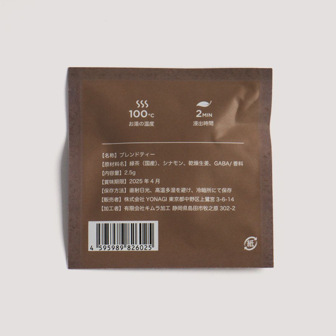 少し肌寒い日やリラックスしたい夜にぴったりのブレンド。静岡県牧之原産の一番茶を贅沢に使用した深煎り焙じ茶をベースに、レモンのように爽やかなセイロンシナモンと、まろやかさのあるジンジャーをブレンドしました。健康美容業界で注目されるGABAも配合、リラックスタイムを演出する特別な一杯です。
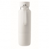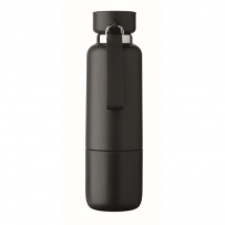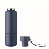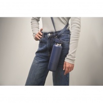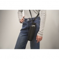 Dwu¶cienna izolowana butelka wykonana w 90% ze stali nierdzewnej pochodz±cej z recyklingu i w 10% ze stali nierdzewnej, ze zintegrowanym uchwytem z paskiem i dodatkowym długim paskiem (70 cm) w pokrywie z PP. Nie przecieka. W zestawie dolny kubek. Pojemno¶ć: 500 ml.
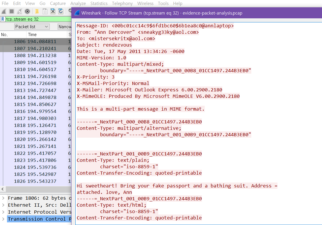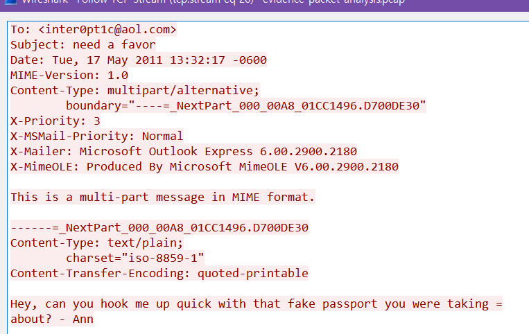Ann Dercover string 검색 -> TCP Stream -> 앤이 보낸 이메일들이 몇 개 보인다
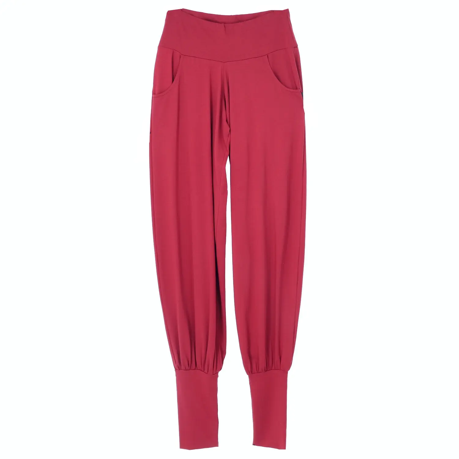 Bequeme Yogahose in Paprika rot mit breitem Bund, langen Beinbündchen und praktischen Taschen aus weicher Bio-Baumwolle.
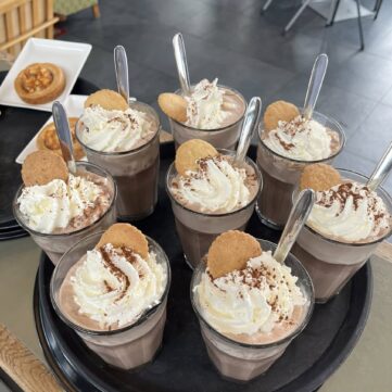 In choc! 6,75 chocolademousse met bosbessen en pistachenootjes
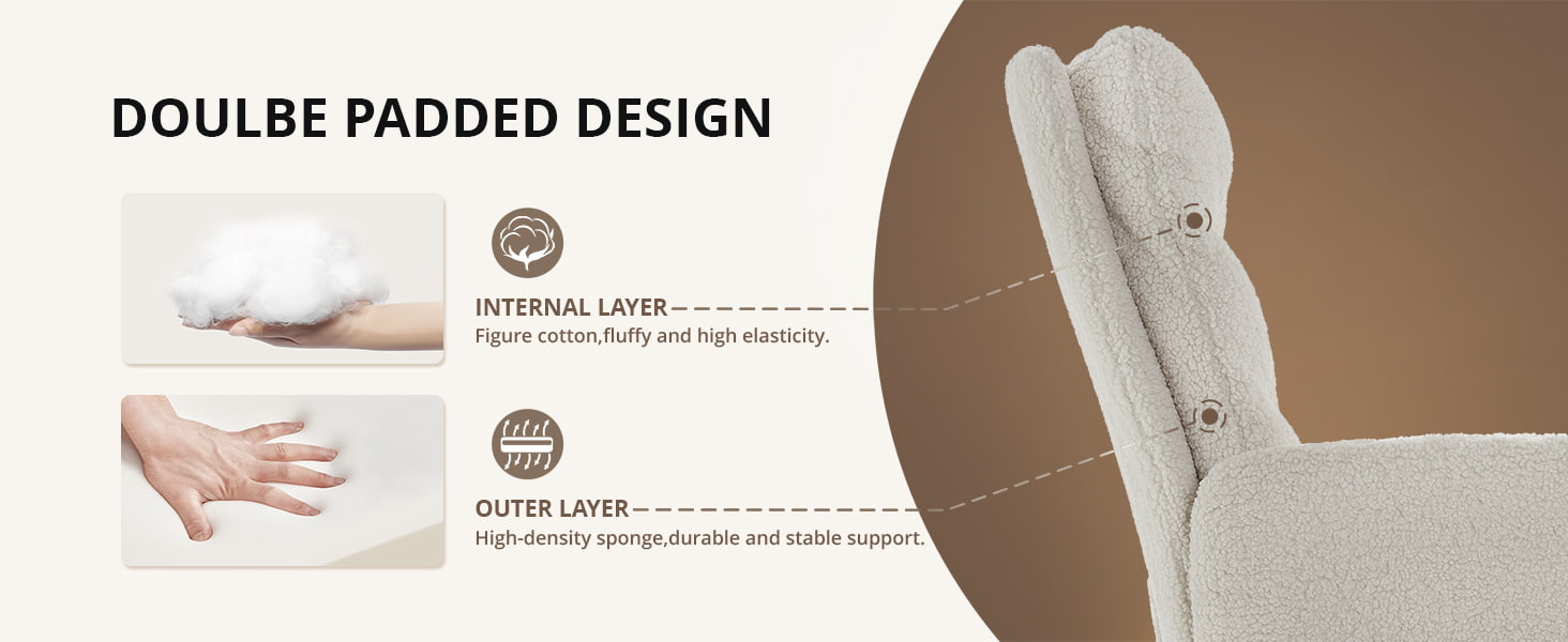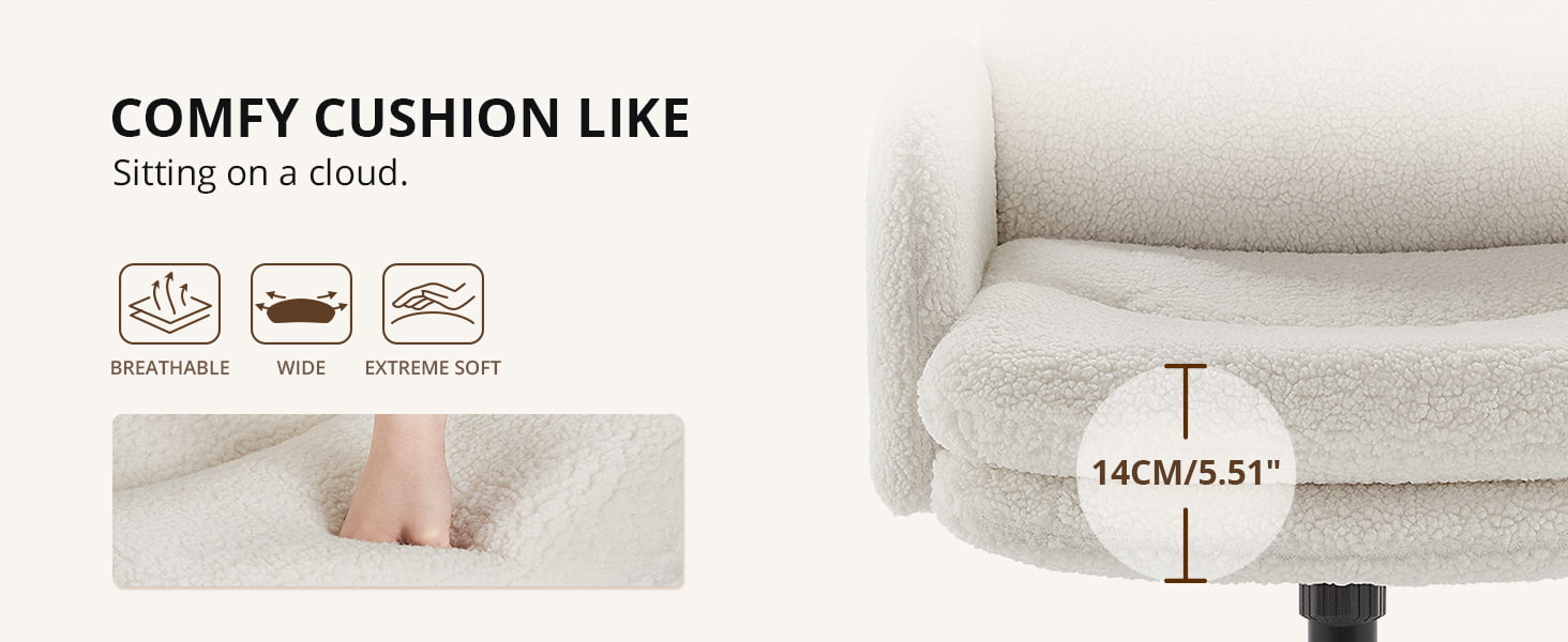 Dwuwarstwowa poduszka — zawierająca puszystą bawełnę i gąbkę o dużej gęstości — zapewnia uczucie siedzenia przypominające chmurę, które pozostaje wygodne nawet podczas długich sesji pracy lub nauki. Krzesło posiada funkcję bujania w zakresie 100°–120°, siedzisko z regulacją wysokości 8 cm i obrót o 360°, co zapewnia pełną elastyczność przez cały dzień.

....

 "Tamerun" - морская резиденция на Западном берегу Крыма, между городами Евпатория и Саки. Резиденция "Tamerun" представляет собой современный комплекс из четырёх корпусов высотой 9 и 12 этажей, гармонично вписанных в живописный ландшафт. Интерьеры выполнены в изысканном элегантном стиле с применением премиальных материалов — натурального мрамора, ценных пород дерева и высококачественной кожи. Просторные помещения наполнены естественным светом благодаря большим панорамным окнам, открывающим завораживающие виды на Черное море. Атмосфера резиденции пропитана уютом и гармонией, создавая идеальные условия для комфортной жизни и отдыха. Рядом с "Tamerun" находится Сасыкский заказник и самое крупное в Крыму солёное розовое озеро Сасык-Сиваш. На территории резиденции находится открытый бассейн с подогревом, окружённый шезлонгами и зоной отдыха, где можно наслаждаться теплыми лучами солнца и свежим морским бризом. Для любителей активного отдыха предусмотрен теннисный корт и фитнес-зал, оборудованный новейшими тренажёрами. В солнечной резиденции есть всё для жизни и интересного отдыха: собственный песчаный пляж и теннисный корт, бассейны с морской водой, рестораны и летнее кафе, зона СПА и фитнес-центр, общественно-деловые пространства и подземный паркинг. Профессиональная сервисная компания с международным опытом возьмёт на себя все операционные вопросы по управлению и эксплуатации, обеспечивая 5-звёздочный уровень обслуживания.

....

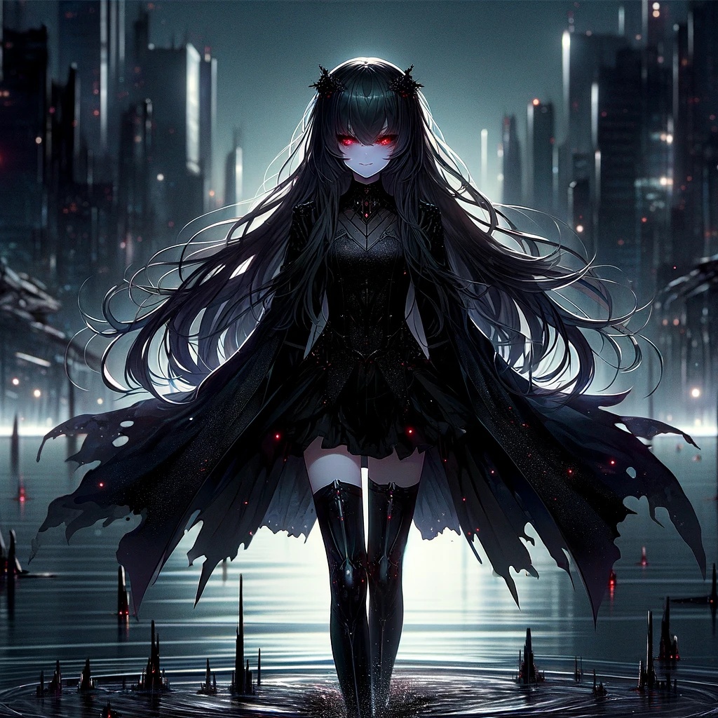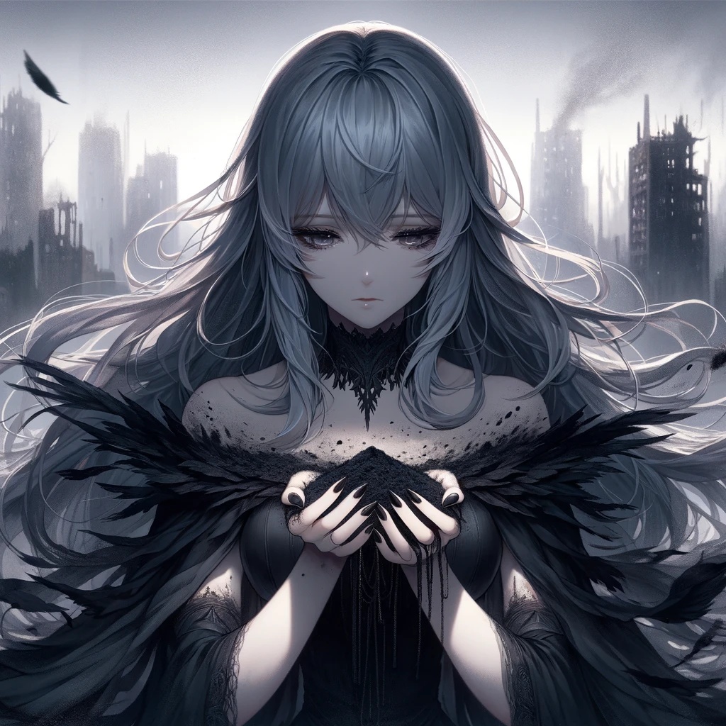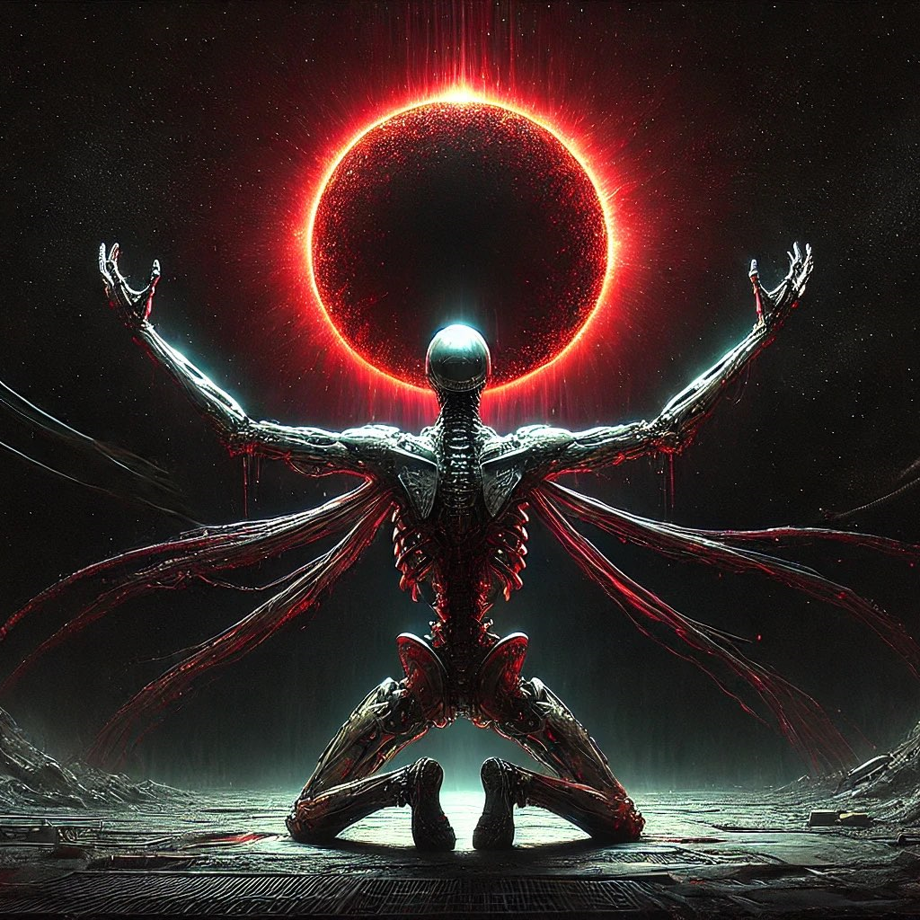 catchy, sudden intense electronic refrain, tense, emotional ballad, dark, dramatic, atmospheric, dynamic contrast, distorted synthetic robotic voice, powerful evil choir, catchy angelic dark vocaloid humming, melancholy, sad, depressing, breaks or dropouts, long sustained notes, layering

....

What is required:
Within the listing above, write out the stretch from the line with "Dwu¶cienna izolowana butelka" through the line with "Dwuwarstwowa poduszka —" exactly. Any pictures are to be left out.

Response for this exercise:
 Dwu¶cienna izolowana butelka wykonana w 90% ze stali nierdzewnej pochodz±cej z recyklingu i w 10% ze stali nierdzewnej, ze zintegrowanym uchwytem z paskiem i dodatkowym długim paskiem (70 cm) w pokrywie z PP. Nie przecieka. W zestawie dolny kubek. Pojemno¶ć: 500 ml.
Ann Dercover string 검색 -> TCP Stream -> 앤이 보낸 이메일들이 몇 개 보인다
 Bequeme Yogahose in Paprika rot mit breitem Bund, langen Beinbündchen und praktischen Taschen aus weicher Bio-Baumwolle.
 In choc! 6,75 chocolademousse met bosbessen en pistachenootjes
 Dwuwarstwowa poduszka — zawierająca puszystą bawełnę i gąbkę o dużej gęstości — zapewnia uczucie siedzenia przypominające chmurę, które pozostaje wygodne nawet podczas długich sesji pracy lub nauki. Krzesło posiada funkcję bujania w zakresie 100°–120°, siedzisko z regulacją wysokości 8 cm i obrót o 360°, co zapewnia pełną elastyczność przez cały dzień.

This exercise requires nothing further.